On September 11, 2018, Judge Raymond J. Dearie of the U.S. District Court for the Eastern District of New York issued a new decision in U.S. v. Zaslavskiy, No. 1:17-cr-00647-RJD-RER, Dkt. No. 37 (E.D.N.Y. Sept. 11, 2018), denying a motion to dismiss the government’s criminal indictment on the grounds that the initial coin offerings (ICOs) at issue did not involve the offer or sale of “securities” and thus were beyond the reach of federal securities laws. Although the decision contains a discussion of the defendant's digital tokens and their potential regulation as "securities" under the federal securities laws — a hotly contested issue — we believe that the ruling’s significance will prove to be limited.

As alleged in the indictment, defendant Maksim Zaslavskiy founded two companies called REcoin Group Foundation, LLC (REcoin) and DRC World, Inc., aka Diamond Reserve Club (Diamond). From January 2017 to October 2017, REcoin and Diamond engaged in a series of ICOs in which investors purchased cryptocurrency tokens issued by both companies.

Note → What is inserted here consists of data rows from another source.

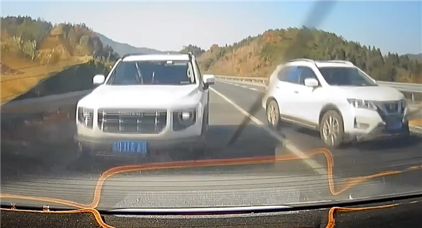 慢车道上的一辆小车突然紧急减速并向左避让,不料被从快车道后方驶来的另一辆小车追尾,导致两车均有损坏,好在没有人员受伤。
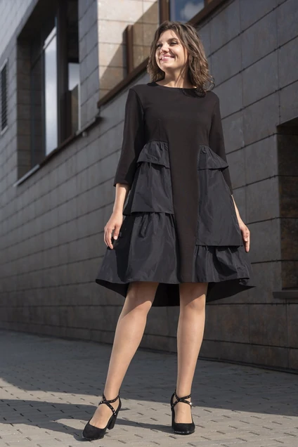 Трикотажное платье с воланами. Силуэт свободный, трикотаж плотный, но эластичный. В боковых швах удобные карманы. Длина 101 см, рукав 45 см
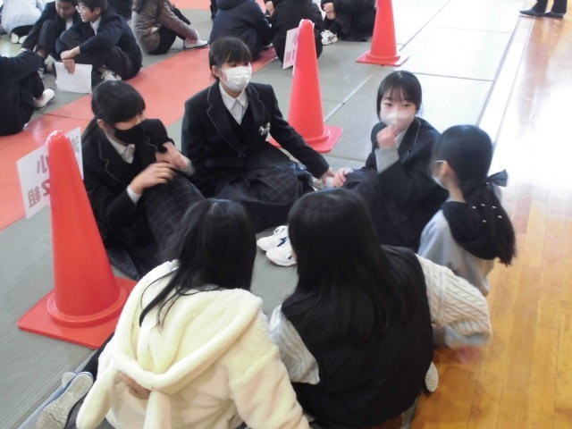 入学説明会では西成中1年生と小学校6年生の交流会を行いました。中学校生活を紹介したり質問に答えたりして、入学前の小学生の不安を和らげるように1年生の生徒たちが頑張ってくれました。

The government alleges that, contrary to Zaslavskiy’s promises to investors, the ICOs were not backed by real estate investments and diamonds. As a result, the U.S. Attorney’s Office for the Eastern District of New York brought criminal charges against Zaslavskiy for securities fraud in connection with the ICOs.1

Zaslavskiy moved to dismiss the indictment against him on the grounds that the indictment did not provide adequate notice of the charges under Federal Rule of Criminal Procedure 7(c); the digital tokens were not “securities” under the U.S. Supreme Court’s guiding decision in SEC v. W.J. Howey Co., 328 U.S. 293 (1946); and the U.S. securities laws are unconstitutionally vague as applied to cryptocurrencies like the ones alleged to be at issue. As the decision was made at the motion-to-dismiss stage, the allegations in the indictment were accepted as pleaded.

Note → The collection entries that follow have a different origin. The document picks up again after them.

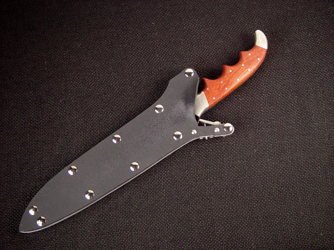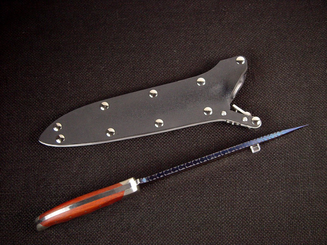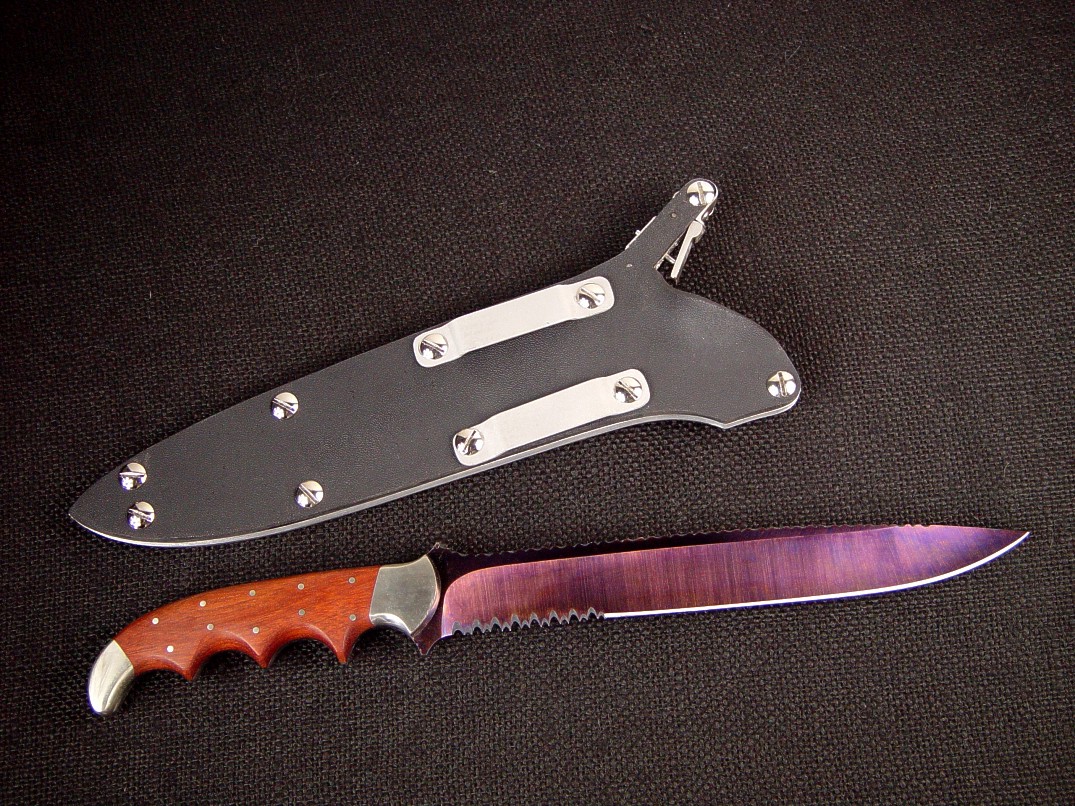 combat knife. The blade is vermillion-peacock blued O-1 high carbon
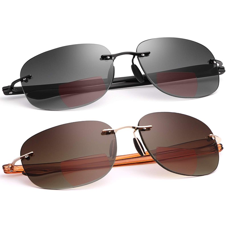 - Rimless Bifocal Reading Sunglasses - The Bifocal Reading Sunglasses has two visual areas. The top area is for distant vision. You can see the distance directly without having to remove your specs. The lower area is powered and convenient for reading indoors and outdoors. Perfect for outdoor reading and distance Viewing.
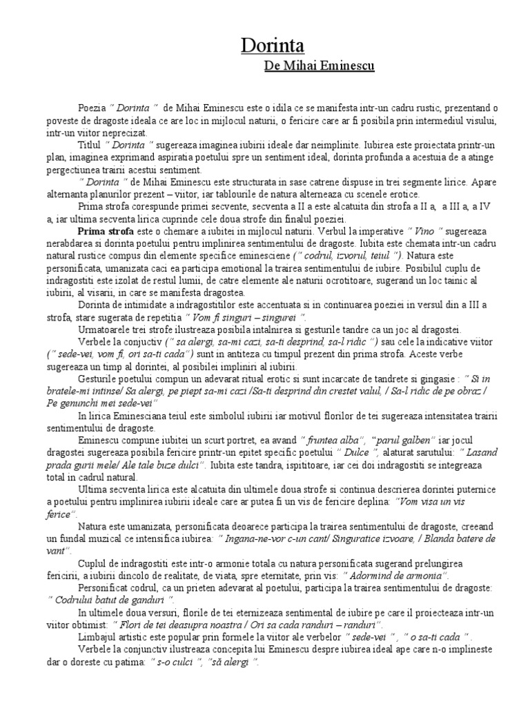 Prin atmosfera tonalitate sentimente poezia apartine primei perioade de creatie primei etape a liricii erotice. Vino n codru la izvorul care tremura pe prund unde prispa cea de brazde crengi plecate o ascund. Din multele variante publicate de perpessicius deducem că poetul concepuse poezia ca o scrisoare de dragoste adresată iubitei şi semnată e. Comentariu dorinta de mihai eminescu 16444 visits dorinta de mihai eminescu comentariu literar 14276 visits viziunea despre lume reflectata intr un basm cult studiat eseu 13127 visits comentariu testament 12418 visits.
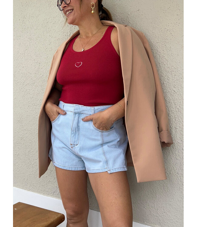 Fitted Tank Top crafted from soft, ribbed stretch fabric that hugs the body comfortably. Its minimalist design is elevated with delicate heart embroidery on the front, adding a subtle feminine touch. Perfect worn alone or layered with blazers, shorts or
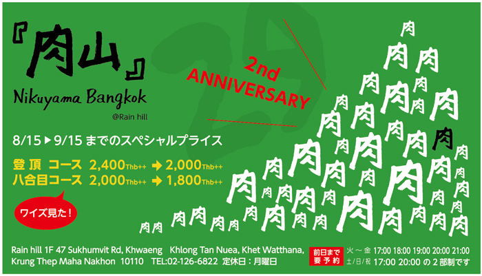 2020.08.11 お得情報 , プロモーション期間終了 【9/15(火)まで】2nd ANNIVERSARY♪プロモーション☆肉山☆ 2周年を迎えた「肉山」が 感謝を込めてお得なプロモーションをご用意 ご予約時に「ワイズを見た」とお伝え下さい♪ こちらのプロモーションは既に終了しています。 その他のプロモーション情報一覧はこちら。 2周年を迎えた「肉山」が 感謝を込めてお得なプロモーションをご用意 ご予約時に「ワイズを見た」とお伝え下さい♪ https://www.facebook.com/Nikuyama.Bangkok この記事をSNSでシェア! Tweet Share LINE リンクをコピー
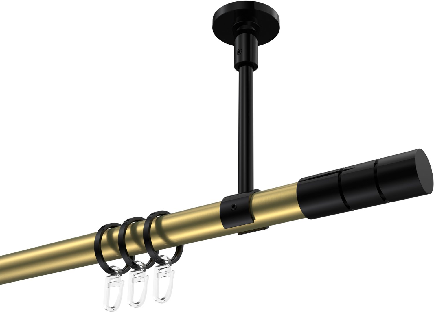 Gardinenstangen aus Metall in 20 mm Ø, 1-läufig, Modell SONETTE - Elanto Messing-Optik / Schwarz

Treating the allegations in the indictment as true, Judge Dearie concluded that the government had adequately alleged that (i) investors paid money for “membership” in REcoin and Diamond; (ii) a common enterprise existed because “it can be readily inferred from the facts alleged that the REcoin and Diamond investment strategies depended upon the pooling of investor assets to purchase real estate and diamonds”; and (iii) investors “reasonably expected their profits to be derived from the managerial efforts of Zaslavskiy and his team,” based in part on the defendant’s statements that his team “would use their expertise to develop the ventures, invest proceeds in real estate and diamonds, and generate profits.” However, in conducting its analysis, the court expressly avoided finally resolving whether the tokens at issue qualified as securities, leaving the ultimate conclusion on that central question to later in the case.

In conducting its analysis, the court expressly avoided finally resolving whether the tokens at issue qualified as securities because, in part, no coins, tokens or currency ever existed in the case.

The court also determined that the securities fraud laws under which Zaslavskiy was charged were not unconstitutionally vague as applied to his alleged conduct.

The Impact of Zaslavskiy

Although the decision, on its surface, may seem noteworthy because it applies the Howey test to the offer of digital tokens, we believe that it should not be viewed as particularly important for two primary reasons.

First, the court’s holding did not include a final determination that the offerings at issue involved securities. To the contrary, the court merely held that the government had included enough detail in its indictment to survive dismissal at this stage of the case. As such, the critical question under Howey remains unanswered, and, in the words of the court, will be decided by the ultimate fact-finder “based on the evidence presented at trial.”

Second, as the court acknowledged and as the SEC has previously stated, determining whether a particular digital asset is a security under the Howey test is necessarily a facts- and circumstances-specific inquiry. Indeed, the court’s opinion expressly noted that a fact-specific assessment was especially necessary “in the context of ‘relatively new, hybrid vehicle[s],’ which require ‘case-by-case analysis into the economic realities of the underlying transaction[s].’” This case involved a specific alleged fact pattern — the defendant promised to use the funds from ICOs to invest in real estate and diamonds but invested in neither. Thus, we believe that any attempt to draw broader conclusions from this decision in order to apply them to other fact patterns and/or the cryptocurrency industry at large should be avoided.